Removing (deleting) the Scrivner w.x.y.z key (which will also eliminate the subkeys) will immediately affect Apps & Features (removing the crufty entry). If the removal is not immediately apparent, close Apps & Features and reopen the settings window.

It is not my intention to provide a step by step guide for the Windows novice user. Editing the Registry is not for novices and there can be unintended pin-action from manually editing the Registry. To be sure, I know there are other relevant keys associated with these crufty Apps & Features entries and I’m not enumerating them all.

This location/change is the minimum necessary to dissolve the crufty items displayed in Apps & Features.

Requested Potential Future Solution: It would be helpful and brand uplifting if L&L would provide a Scrivner Cleaner binary that would search out and eliminate all crufty registry entries (to include, beyond the ones I mention above, the crufty binary references as well).

Certainly, if others have come up with a solution, please share.
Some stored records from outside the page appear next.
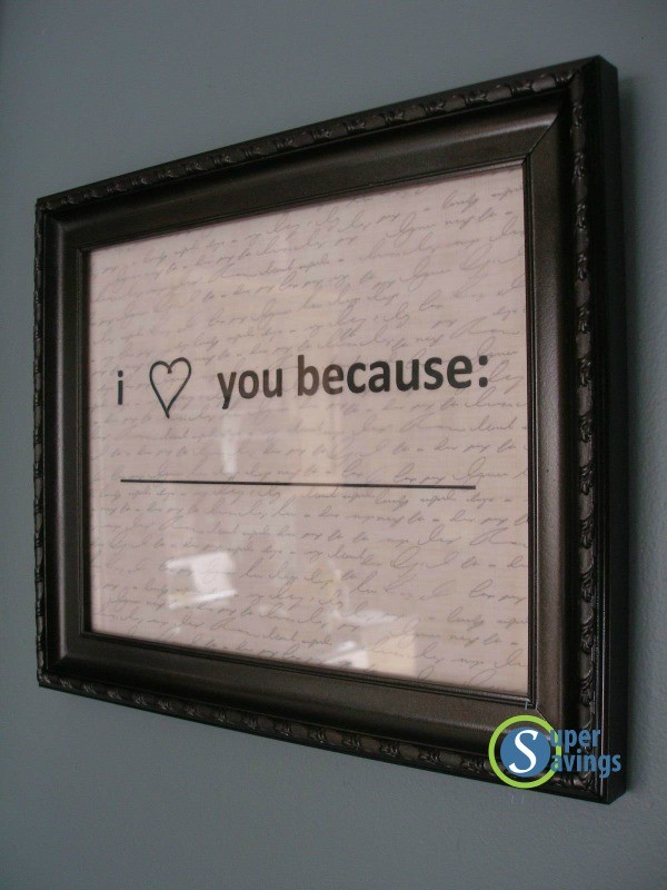 This special Valentine’s Day gift is super easy to make and all you need is a sharpie, glass, and a frame. The amazing thing about the gift is that it keeps on giving because you write new reasons every day.
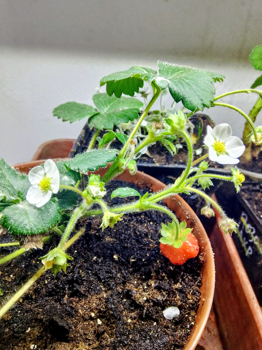 Здравствуйте! В своих основных статьях о наших буднях иногда вскользь я упоминаю о дополнительных растениях которые забрала в дом так скажем на зимовку как "маточные" растения. Долго собиралась с мыслями а надо ли о них рассказать, задала вопрос и решила всё таки поделиться, вдруг для кого то эта информация будет полезна. Что то заносили в дом прям укореннеными черенками а что то и полноценными растениями, давайте обо всём по порядку Первый мой опытный образец ремонтная клубника 🍓 - есть у меня такая мечта, иметь небольшой урожай ягоды круглый год. Для начала хочу посмотреть как вообще будет себя вести в домашних условиях кустик хватит ли ему обычного ухода или чтобы получать хоть небольшой урожай надо делать "танцы с бубнами" пока мне всё нравится, потихоньку спеют по пару ягодок, появляются новые цветочки Правда доспеть ягоде не дают как положено, дети ходят вокруг да около всё наровяться стащить 😁 так уже пропало несколько штук ) Нашла для примера в открытом доступе картинку, во
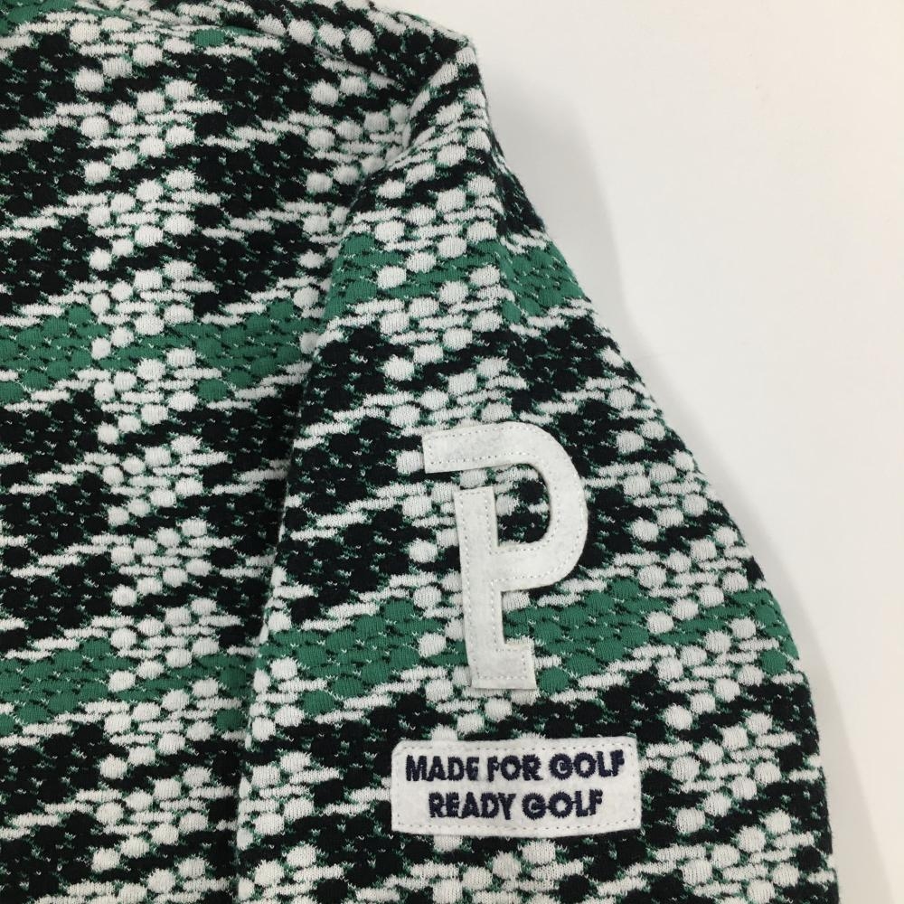 【新品】パーリーゲイツ ジップパーカー 黒×白×グリーン 総柄 凸凹生地 袖ワッペン レディース 1(M) ゴルフウェア PEARLY GATES
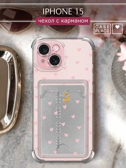 Чехол на iPhone 15 с карманом с сердечками
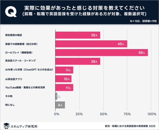 実際に効果があったと感じる対策として最も多く挙げられたのは、「ロールプレイ(模擬面接)」で58件あった。
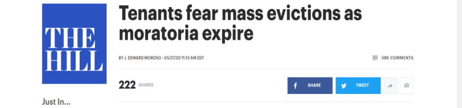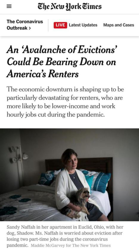 《纽约时报》在5月27日的一篇文章中称,疫情导致的经济下滑对低收入者和临时工类的租户影响严重。政府的救济金有限,如果禁止驱离的法律再失效,那么这些人将没有任何选择的余地。
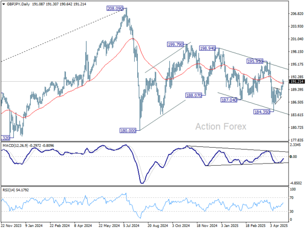 Intraday bias in GBP/JPY remains on the upside at this point. Rise from 184.35 would target 195.95 resistance next. Firm break there will suggest that choppy decline from 199.79 has also finished too. On the downside, below 189.28 minor support will turn intraday bias neutral first.
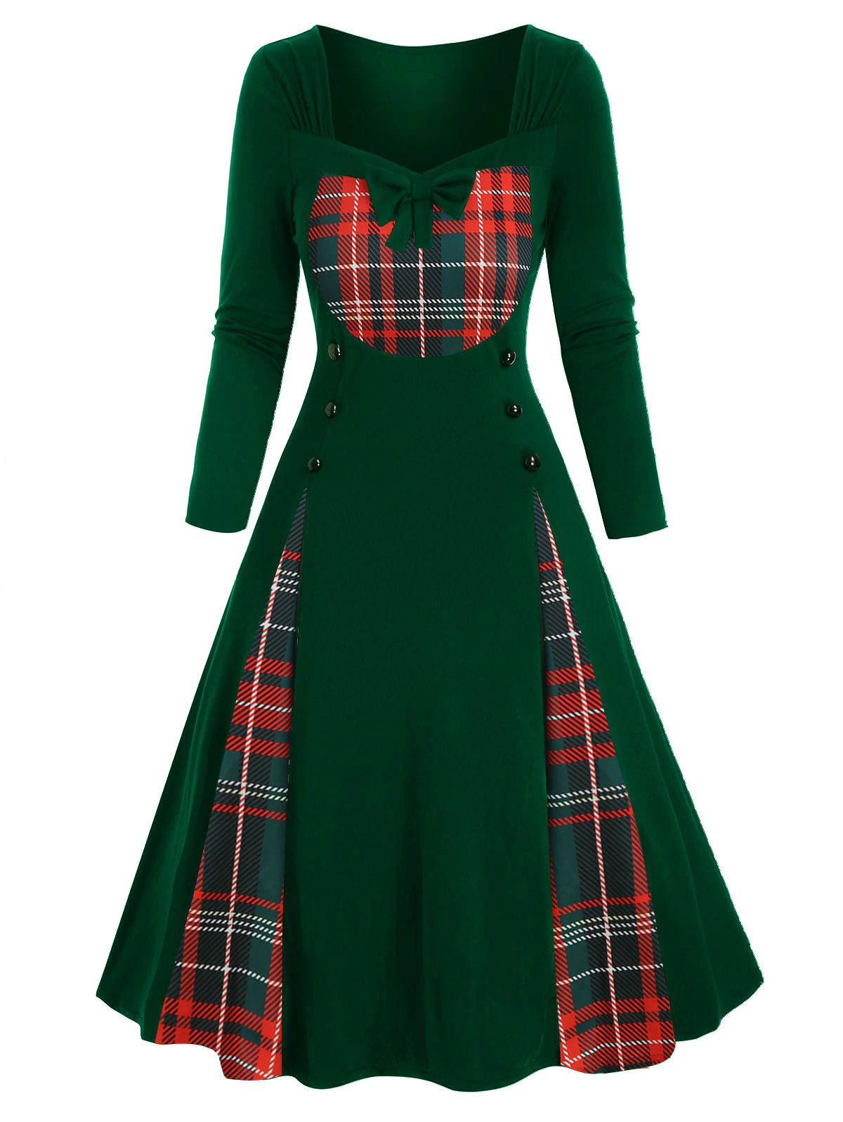 Create a charming sweetheart neckline for a little flirt and with a panel of the plaid pattern and the Christmas prints for a versatile classic look, this plus size long sleeve dress is accented with the fit-and-flare silhouette that is more fitted at the bodice and flared at the skirt for a feminine silhouette.
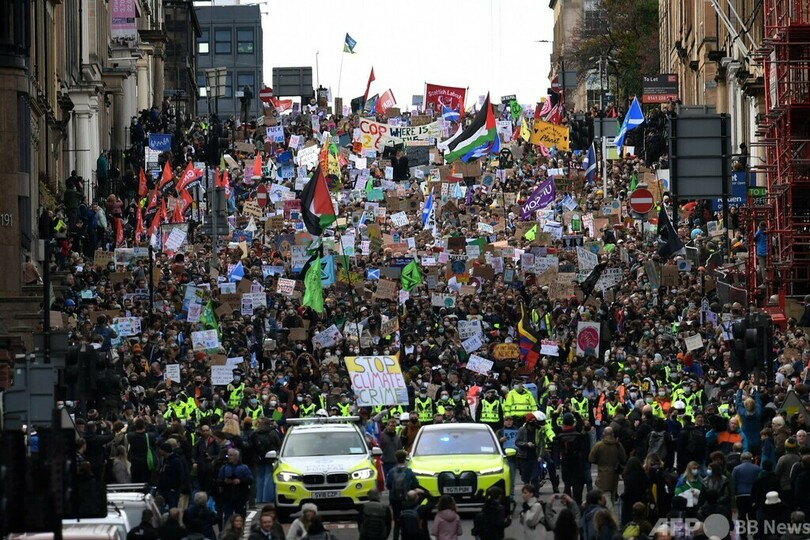 【11月6日 AFP】国連(UN)気候変動枠組み条約第26回締約国会議(COP26)が開催されている英北部グラスゴーで5日、各国首脳に対し気候問題への迅速な対処を求める若者主導の大規模な抗議デモが行われた。デモで演説したスウェーデンの環境活動家グレタ・トゥンベリ(Greta Thunberg)さんは、COP26を「失敗」と呼び批判した。

If a similar or alternative solution has been published previously, please help make the solution more obvious on the site and link it.
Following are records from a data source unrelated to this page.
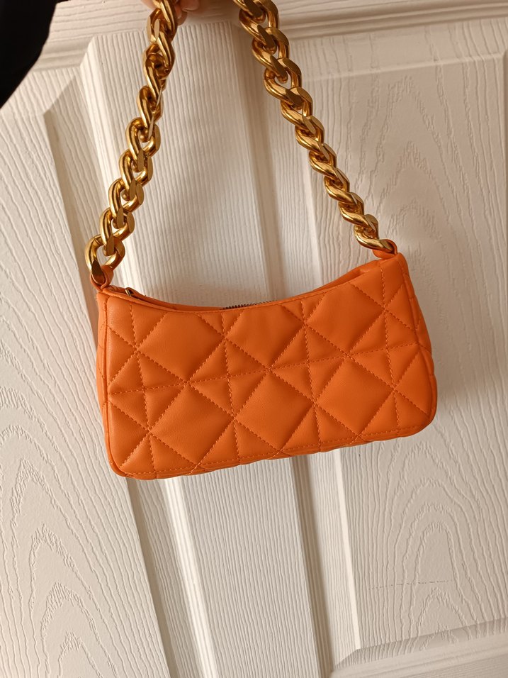 Parlak turuncu deriden yapılmış, zincir detaylı ve kapitone desenli kadın çantası, şık ve gündelik kullanım için uygun.
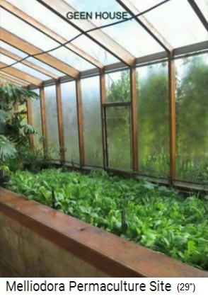 Melliodora 3 wöchiges Volontariat, der Treibhausbereich im Wohnhaus [40] - schwarze Hühner [43] - Gartenbeete mit gemischtem Anbau [46] - Gartenhaus am Teich [51]
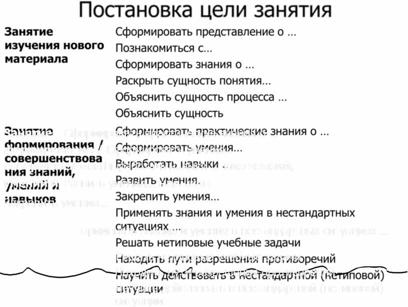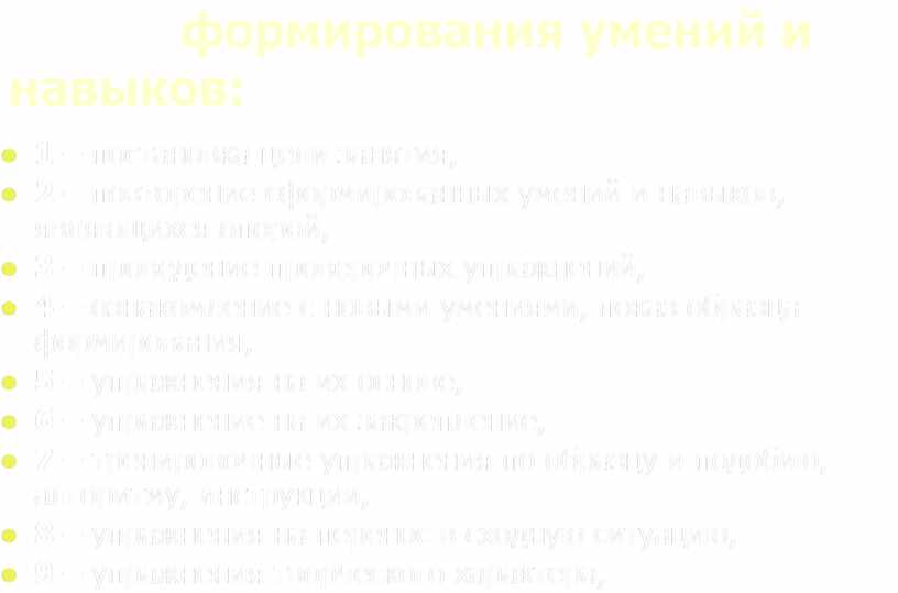 знания о … формирования / Сформировать умения… совершенствова Выработать
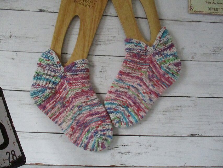 足部分はと段染めの2色でJogless stripeというストライプの技法で編み足にフィットするようにマチを入れでます。
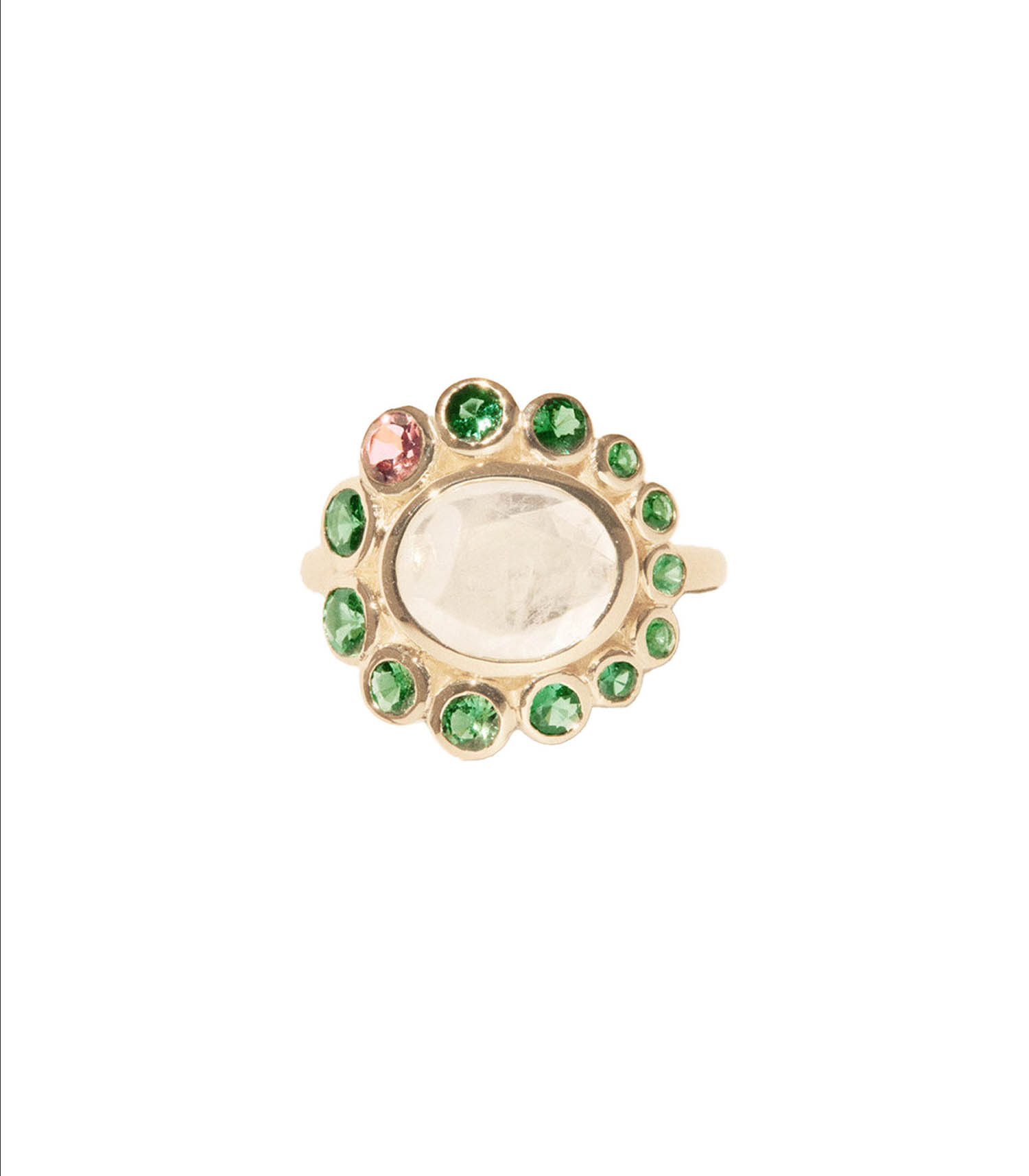 Bague Jasmine Tsavorite de la créatrice Pascale Monvoisin. Cette bague imposante aborde un motif marguerite composée d'une belle pierre de lune, et dont les pétales sont représentés par des tsavorites et des tourmalines.

You don’t need to go through all of this manual registry cleaning rigamarole.

Uninstall the current version of Scrivener (save your settings first.)
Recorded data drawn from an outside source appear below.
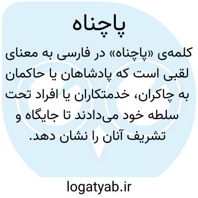 کلمه‌ی «پاچناه» در فارسی به معنای لقبی است که پادشاهان یا حاکمان به چاکران، خدمتکاران یا افراد تحت سلطه خود می‌دادند تا جایگاه و تشریف آنان را نشان دهد. این واژه در متون تاریخی و ادبیات کلاسیک فارسی کاربرد داشته و بیانگر احترام و رتبه‌ای است که به افراد خاص داده می‌شده است. «پاچناه» معادل‌هایی مانند «پاچنامه»، «پاژنامه» و «پاشنامه» نیز دارد که همگی به مفهوم نام یا لقب رسمی برای نشان دادن جایگاه و خدمت فرد نزد پادشاه اشاره دارند. استفاده از این عنوان به نوعی رسم تشریفاتی بود و به فرد شأن و موقعیتی خاص در دربار می‌بخشید. این واژه نشان‌دهنده اهمیت مناسبات اجتماعی و سلسله‌مراتب در دربارها و حکومت‌های گذشته است. از نظر معنایی، پاچناه با مفاهیمی مانند لقب، عنوان، جایگاه رسمی، تشریف و احترام مرتبط است. در ادبیات تاریخی و متون کهن، ذکر این لقب‌ها برای نشان دادن شأن و منزلت افراد در دستگاه حکومتی و اجتماعی اهمیت داشته است.
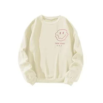 SAFRISIOR Women Oversized Fleece New York Letter Print Graphic Sweatshirt Long Sleeve Crewneck Pullover Jacket (Small, Apricot)
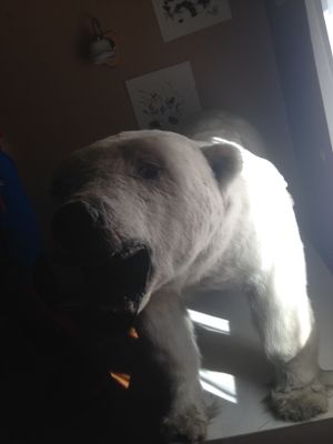 O prédio do museu contém um urso polar empalhado e uma extensa coleção de objetos soviéticos da época em que Pyramiden funcionava como cidade mineradora.
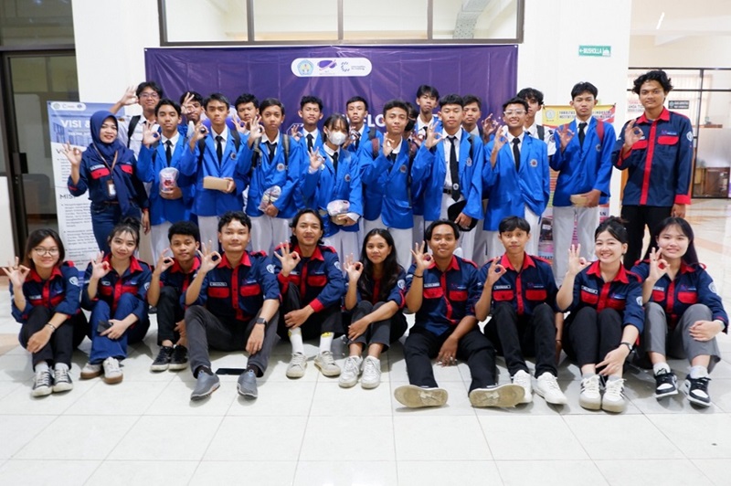 Anggota Metaspace Teknik Informatika S-1 ITN Malang foto bersama dengan para siswa SMK Negeri 2 Singosari Malang usai acara trial class. (Foto: Mita/Humas ITN Malang)

Now, go to uninstall one of the earlier entries. Windows will inform you that it seems to be removed and ask if you want to remove the entry. Agree.

Repeat until all the entries are gone.

Re-install the latest version.

Did you even read/understand the post before responding? You suggest a solution to a different problem. In a perfect world; there would be no problem; the uninstall option would be 1) available, 2) operative, and 3) effective. Thus, let me quote myself for emphasis and provide an opportunity for better comprehension…

If the option to uninstall were available, operative, and effective, there would be no need for “rigamarole” because there would not be a problem. :unamused:

I use the word crufty for a reason.

These crufty entries exist for a reason and the reason is cruft. Despite user warnings to uninstall before advancing versions, the proximate cause for the problem is L&L practice. But for the cruft, the problem would not exist. Since evidence suggests cruft does exist and there is no conventional solution, “rigamarole” is indeed potentially required.

Yes, I did. I’ve been harping on this issue since the first Windows beta tests – the installer routine has always been crap and doesn’t cleanly update and remove lingering traces.

If you can’t remove these lingering entries without breaking out RegEdit, there is something else wrong with your system. Even Windows 7 would help you clean up these entries automatically. If you can’t remove them with the existing system tools, then you likely have a corrupt user profile, and that’s a much bigger problem.

RegEdit isn’t going to save you from a corrupt profile – it’s more likely to make it worse. Worrying about extra Scrivener entries in installed programs list under those conditions is like worrying about the potential scar you’re going to have from that quad-bypass heart surgery you need to have. And telling people how to use directly meddle with the Registry to fix that cosmetic issue is like telling them how to conceal that scar with a sharp enough butcher knife.

First do no harm, fam.

Thank you for spinning this around on me and forcing me to try and prove an objective negative just to defend the credibility of a completely effective solution that worked for me.

That you crusade or “have been harping on this issue since” whenever neither makes you right nor others wrong.

I innocently shared my experience, strength, and hope. A mistake I’ll not make again. My experience is different than yours. It clearly rubbed your singularly-unique rightness the wrong way. I’m sorry I triggered you and your need to subordinate me and my share.

I’m done with you. TttH

Nobody says it’s not effective. It’s dangerous for most users to mess with the registry. They can take a minor cosmetic issue and quickly turn it into a system-stopping problem by messing with the registry.

I wasn’t trying to piss you off, but not all help is equally helpful, and the method you shared has risks that potential users need to be aware of.

And Scrivener’s Windows devs really need to fix this issue so users don’t have to keep thinking they need to bust out RegEdit to fix it.